Provided data section start

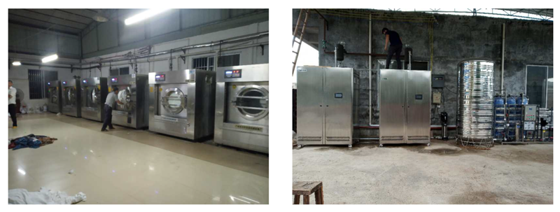 广西省桂平市某洗衣厂使用我司两台型号为GND1.0-0.7的冷凝式速能蒸汽能机组,主要为洗衣提供蒸汽加热和杀菌消毒。工厂原使用两吨燃气传统锅炉,现改用两台一吨固耐德蒸汽能,综合节能达到30%效果优越,且方便,无需锅炉工,工人可以自己操作,即开即开! 节能安全、操作方便、随用随开、省钱、省力、省心、生产效益提高!
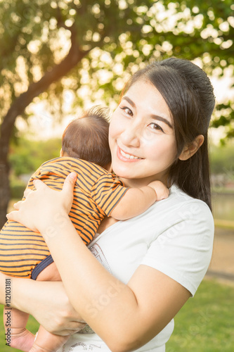 © amnadbumrungvong, Fototapeta premium asian 2 months baby feeling happy and smiles with her mother in
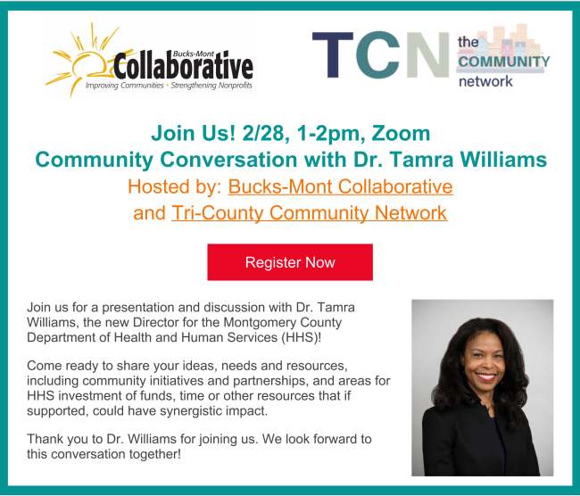 Join us for a presentation and discussion with Dr. Tamra Williams, the new Director for the Montgomery County Department of Health and Human Services (HHS)!

Provided data section end

Prompt: Exclude every image and return the material above exactly.

Exercise response:
 广西省桂平市某洗衣厂使用我司两台型号为GND1.0-0.7的冷凝式速能蒸汽能机组,主要为洗衣提供蒸汽加热和杀菌消毒。工厂原使用两吨燃气传统锅炉,现改用两台一吨固耐德蒸汽能,综合节能达到30%效果优越,且方便,无需锅炉工,工人可以自己操作,即开即开! 节能安全、操作方便、随用随开、省钱、省力、省心、生产效益提高!
 © amnadbumrungvong, Fototapeta premium asian 2 months baby feeling happy and smiles with her mother in
 Join us for a presentation and discussion with Dr. Tamra Williams, the new Director for the Montgomery County Department of Health and Human Services (HHS)!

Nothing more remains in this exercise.